After the final Teflon sponge is placed and no vessels are in contact with the trigeminal nerve, the surgeon inspects the entire operative field. The dura is sutured closed to form a water-tight closure. Often, a spray on sealant and/or dural patches are used to protect and seal the region.
The bone opening is small, so it’s not replaced with your own bone. Instead, a small titanium plate is placed over the opening and synthetic bone is used for a cosmetic and smooth closure. The muscle is brought back together and the fascia and skin are sutured closed in a layered fashion. Finally, a dressing is placed over the incision.
After monitoring you overnight, you’ll stay until your activity levels are satisfactory. Usually one to two days. After discharge, you’ll receive a series of restrictions and possible prescriptions. It will be important to follow these instructions carefully for two weeks or until a follow-up to ensure long-term health after a microvascular decompression.
Restrictions during the first few weeks after MVD may include:
- Lifting nothing heavier than five pounds.
- No housework, sex, yard work or other strenuous activity.
- No alcohol.
- No nicotine products, including vaping.
- No driving or air travel.
Aftercare may include:
- Gentle washing with mild baby shampoo. Pat drying.
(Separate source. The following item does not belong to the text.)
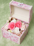 当店のイタリア人スタッフデザインの、「Scatola di gioiello~宝石箱~」は、まるでバラが宝箱に入ったようなアレンジメントです。
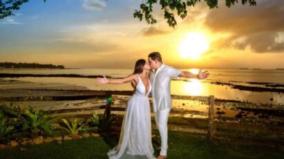 Em um cenário à beira-mar com uma decoração natural ,com muito verde e motivos indígenas marajoaras é assim que a cantora Gretchen...

- No submerging in a tub, pool or bath for 2 weeks after surgery.
- No lotion or ointments, including hair-coloring products for 2 weeks after surgery.
Possible Side Effects of Microvascular Decompression
Side effects and complications after microvascular decompression surgery are rare. However, the possibility of a complication is not zero. There may be infection, bleeding, pain recurrence and blood clots in general.
It is important to keep your doctor abreast of your condition after surgery. Any fevers, signs of incision infection, weakness, severe headaches, fluid leaking, swelling, or other issues after the procedure should be reported promptly to ensure safe aftercare following your microvascular decompression.